Under extreme temperature and pressure conditions, normal matters behave abnormally and often regulates physical processes in the stars and large planets1, inertial confinement fusion2 as well as the applied processes of laser machining and ablation3. As an example of such extreme conditions, the warm dense matter (WDM) regime represents the state between condensed matter and plasma, where the thermal energy is comparable to the Fermi energy and the ions are strongly coupled4. As an intermediate state of matter between the well-defined disciplines of condensed matter and plasmas, investigation of the WDM regime provides key understanding of non-equilibrium phase transitions and energy relaxation processes in the extreme conditions. However, the complicated interplay of the physical processes in WDM creates difficulty for theoretical description. In addition, the extremely high temperature and pressure conditions associated with WDM create significant challenges for detailed experimental studies5.

Most experimental methods for generating WDM put energy into either the electrons or ions. The material then evolves toward equilibrium. Femtosecond laser excitation or laser generated proton beam heating of thin metal foils are widely used techniques6,7,8,9,10,11,12,13,14. Initially, a strongly non-equilibrium state is created and then energy is transferred from the hot electrons to the cold lattice. However, the fast relaxation dynamics (typically on a ps time scale) makes the measurement of WDM thermophysical properties, such as heat capacity and electron-ion coupling, extremely difficult. Instead, well-known thermodynamic data or theoretical descriptions based on either plasmas or solids have often been adopted without rigorous experimental validation6,7,8.

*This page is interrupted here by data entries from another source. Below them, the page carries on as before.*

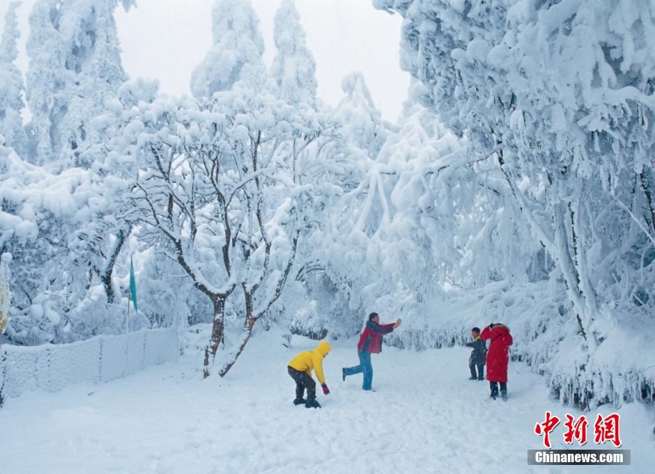 12月26日,以“祈福求祥拜普贤,赏雪滑雪泡温泉”为主题的第十五届峨眉山冰雪温泉节拉开序幕,滑雪体验、雪地摩托、雪上飞碟等众多冰雪娱乐项目吸引了来自八方游客。图为正在雪地嬉戏的游客。刘勇 摄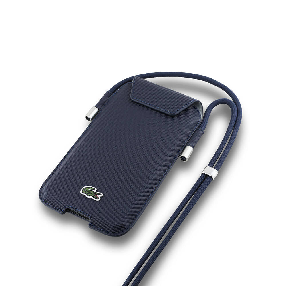 Lacoste Orjinal Lisanslı Çapraz Vücut Askılı PU Pike Desenli 6.7 inç'e Kadar Universal Kılıf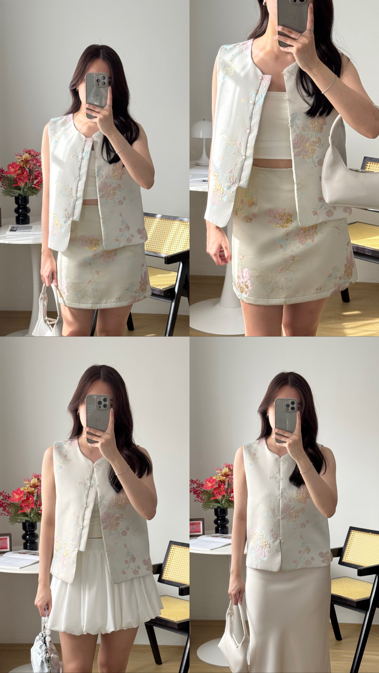 马甲搭配A字短裙,融合现代和中式美感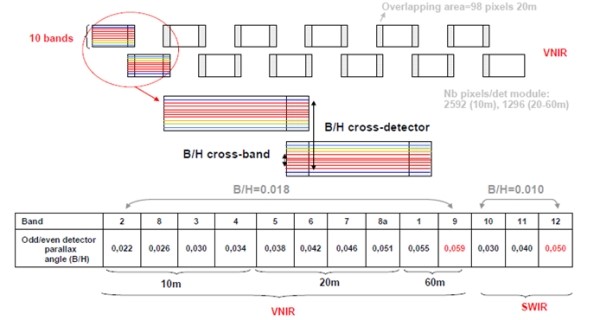 Detectorii sunt de tip CMOS pentru observatii VNIR (large visible near-infrared) si respectiv ‘mercury-cadmium-telluride detectors hybridised on a CMOS read-out circuit’ pentru banda SWIR (shortwave infrared), acestia din urma fiind de asemenea controlati termic si mentinuti sub 195 de grade Kelvin. Insumand toti cei 12 detectori ajungem la un numar de 450.000 de pixeli disponibile pe fiecare banda.

For strongly heated fluid / plasma systems, the energy relaxation processes are often modeled through direct two-particle scattering or ion acoustic modes15,16. Generally, the relaxation times estimated by such models taking into account the collective behavior of coupled modes are much longer than early predictions17,18 and strong indications of such longer relaxation times are found in some experiments19,20. On the other hand, Lin et al. presented the computational study of the temperature - dependent thermophysical properties of various metals irradiated by an intense femtosecond laser pulse21,22. In this work, it was included a high temperature Fermi distribution and electron density-of-states (DOS) to calculate electron heat capacities, the electron-phonon couplings and chemical potentials of high-temperature metals showed large deviations from the widely used free-electron models21. A series of investigations have used Lin et al.’s calculations to interpret experimental data for optical conductivity and electron diffraction in WDM regime10,12,14. However, applying these results requires caution because they assume the DOS of solid-state materials and the room temperature phonon spectra. The consideration of non-equilibrium electron distributions is also lacking. Therefore, direct measurements of thermodynamic properties in the WDM regime are required.

In this paper, we present an experimental investigation of the electron heat capacity and the electron-ion relaxation of copper in warm and dense conditions. With the strong femtosecond optical excitation of a tamped copper nano foil, the initial non-equilibrium warm dense copper (WDCu) states are created and then advance toward equilibrium via energy exchange between the two sub-systems at a constant density. Utilizing picosecond x-ray absorption spectroscopy, the temporal evolution of electron temperatures of WDCu is determined. From the initial value and the decrease of the electron temperature, the electron heat capacity and the electron-ion coupling are inferred. The experimental results are compared with Lin’s model as well as with new calculations using the high-temperature liquid DOS.

Experimental Setup

For the experiment performed at the beamline 6.0.2 of the Advanced Light Source (ALS), we employed the femtosecond laser pump - picosecond x-ray probe technique [Fig. 1]. Details of setup are described in the references23. The sample is a 70 nm thick foil of copper coated with 100 nm silicon-dioxide layers on both sides. Reflection and transmission measurements of the Ti:sapphire laser pulse (800 nm, 150 fs) in the experimental geometry indicate that 80 ~ 95% of incident laser energies are transmitted through the silicon-dioxide layer and the absorbed laser fluences to copper sample are estimated to be 0.32 ~ 0.60 J/cm2 depending on the pulse energies. Since the femtosecond pulse heats the sample isochorically, corresponding energy densities Ed are 3.5 ~ 6.5 × 106 J/kg.

Figure 1
figure 1

Schematic of the experimental set-up.

The femtosecond optical pulse is focused on the sample to provide 0.32 ~ 0.6 J/cm2 absorption fluence. The broadband x-ray beam (900 ~ 1,000 eV) from the ALS undulator is overlapped with the optical laser pulse on the sample.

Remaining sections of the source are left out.